**HOW TO COMPLETE THIS TASK:**
With the pictures left out, write out exactly the lines of the listing below that run from the line with "Напротив монастыря есть" through the line with "Brown stripes orange".

Segment Start: RECORDS TO PROCESS

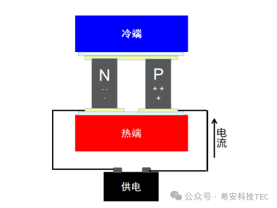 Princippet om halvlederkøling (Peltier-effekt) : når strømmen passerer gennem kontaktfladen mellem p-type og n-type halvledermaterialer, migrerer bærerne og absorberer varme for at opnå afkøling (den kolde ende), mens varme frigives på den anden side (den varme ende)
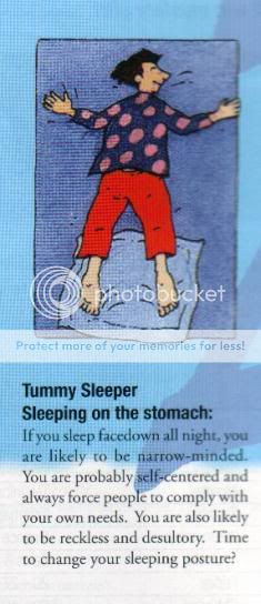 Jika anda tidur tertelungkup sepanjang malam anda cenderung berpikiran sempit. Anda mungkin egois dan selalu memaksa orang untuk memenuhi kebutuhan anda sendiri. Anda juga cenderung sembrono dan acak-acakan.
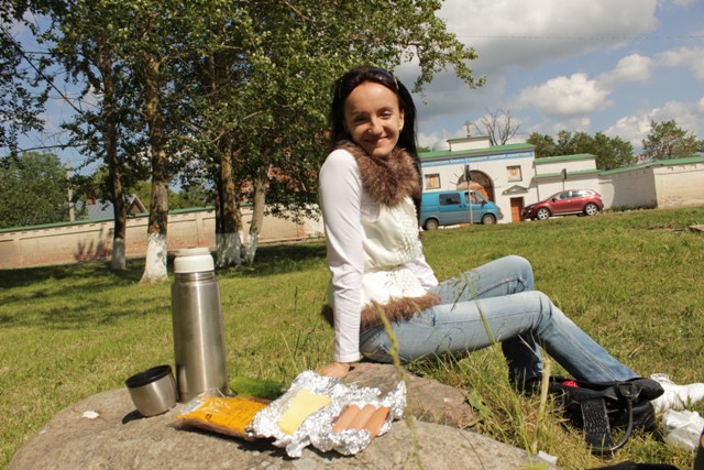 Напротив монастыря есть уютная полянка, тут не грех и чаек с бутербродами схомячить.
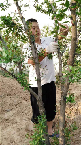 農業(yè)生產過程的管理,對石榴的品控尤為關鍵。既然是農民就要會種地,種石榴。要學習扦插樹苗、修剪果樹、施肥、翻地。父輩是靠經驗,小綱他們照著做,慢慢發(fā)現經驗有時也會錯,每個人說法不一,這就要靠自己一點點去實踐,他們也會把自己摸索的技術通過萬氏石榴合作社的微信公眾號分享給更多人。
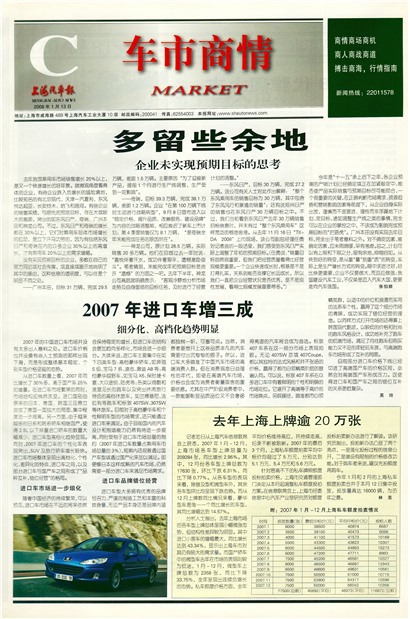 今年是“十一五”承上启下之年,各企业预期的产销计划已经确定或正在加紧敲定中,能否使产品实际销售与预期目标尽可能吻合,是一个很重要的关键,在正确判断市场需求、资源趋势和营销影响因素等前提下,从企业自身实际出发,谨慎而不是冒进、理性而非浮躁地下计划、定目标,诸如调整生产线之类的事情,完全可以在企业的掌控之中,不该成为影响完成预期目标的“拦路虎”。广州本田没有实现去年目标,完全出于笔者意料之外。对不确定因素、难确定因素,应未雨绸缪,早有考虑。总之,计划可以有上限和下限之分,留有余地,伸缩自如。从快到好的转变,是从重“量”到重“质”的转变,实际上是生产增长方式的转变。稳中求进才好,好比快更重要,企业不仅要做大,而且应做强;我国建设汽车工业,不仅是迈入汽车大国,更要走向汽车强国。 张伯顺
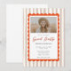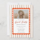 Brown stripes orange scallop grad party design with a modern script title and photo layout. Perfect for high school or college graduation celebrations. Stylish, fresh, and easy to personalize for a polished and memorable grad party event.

Segment End: RECORDS TO PROCESS
Segment Start: RECORDS TO PROCESS

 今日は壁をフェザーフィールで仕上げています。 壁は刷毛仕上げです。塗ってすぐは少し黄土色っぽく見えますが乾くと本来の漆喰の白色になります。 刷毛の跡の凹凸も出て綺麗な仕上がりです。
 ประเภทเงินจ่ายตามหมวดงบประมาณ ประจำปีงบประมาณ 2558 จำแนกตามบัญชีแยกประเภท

Segment End: RECORDS TO PROCESS

**TASK SOLUTION:**
 Напротив монастыря есть уютная полянка, тут не грех и чаек с бутербродами схомячить.
 農業(yè)生產過程的管理,對石榴的品控尤為關鍵。既然是農民就要會種地,種石榴。要學習扦插樹苗、修剪果樹、施肥、翻地。父輩是靠經驗,小綱他們照著做,慢慢發(fā)現經驗有時也會錯,每個人說法不一,這就要靠自己一點點去實踐,他們也會把自己摸索的技術通過萬氏石榴合作社的微信公眾號分享給更多人。
 今年是“十一五”承上启下之年,各企业预期的产销计划已经确定或正在加紧敲定中,能否使产品实际销售与预期目标尽可能吻合,是一个很重要的关键,在正确判断市场需求、资源趋势和营销影响因素等前提下,从企业自身实际出发,谨慎而不是冒进、理性而非浮躁地下计划、定目标,诸如调整生产线之类的事情,完全可以在企业的掌控之中,不该成为影响完成预期目标的“拦路虎”。广州本田没有实现去年目标,完全出于笔者意料之外。对不确定因素、难确定因素,应未雨绸缪,早有考虑。总之,计划可以有上限和下限之分,留有余地,伸缩自如。从快到好的转变,是从重“量”到重“质”的转变,实际上是生产增长方式的转变。稳中求进才好,好比快更重要,企业不仅要做大,而且应做强;我国建设汽车工业,不仅是迈入汽车大国,更要走向汽车强国。 张伯顺
 Brown stripes orange scallop grad party design with a modern script title and photo layout. Perfect for high school or college graduation celebrations. Stylish, fresh, and easy to personalize for a polished and memorable grad party event.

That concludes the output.